[Start of section]

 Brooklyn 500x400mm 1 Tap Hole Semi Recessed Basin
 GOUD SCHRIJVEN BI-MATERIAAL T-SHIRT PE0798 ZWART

[End of section]
[Start of section]

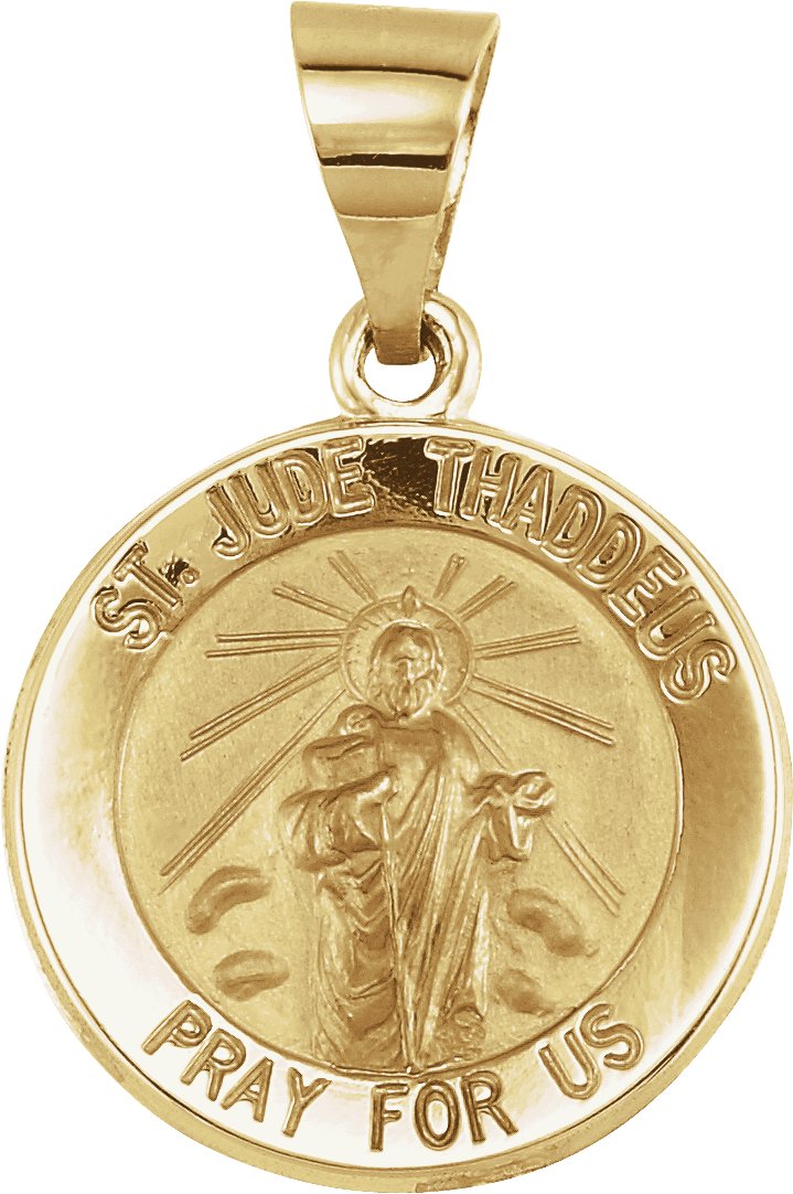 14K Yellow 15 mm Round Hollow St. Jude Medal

[End of section]

:: Directions ::
Taking the records above, retype every line from the one with "Brooklyn 500x400mm 1" down to the one with "GOUD SCHRIJVEN BI-MATERIAAL", exactly and with nothing else.

:: Response ::
 Brooklyn 500x400mm 1 Tap Hole Semi Recessed Basin
 GOUD SCHRIJVEN BI-MATERIAAL T-SHIRT PE0798 ZWART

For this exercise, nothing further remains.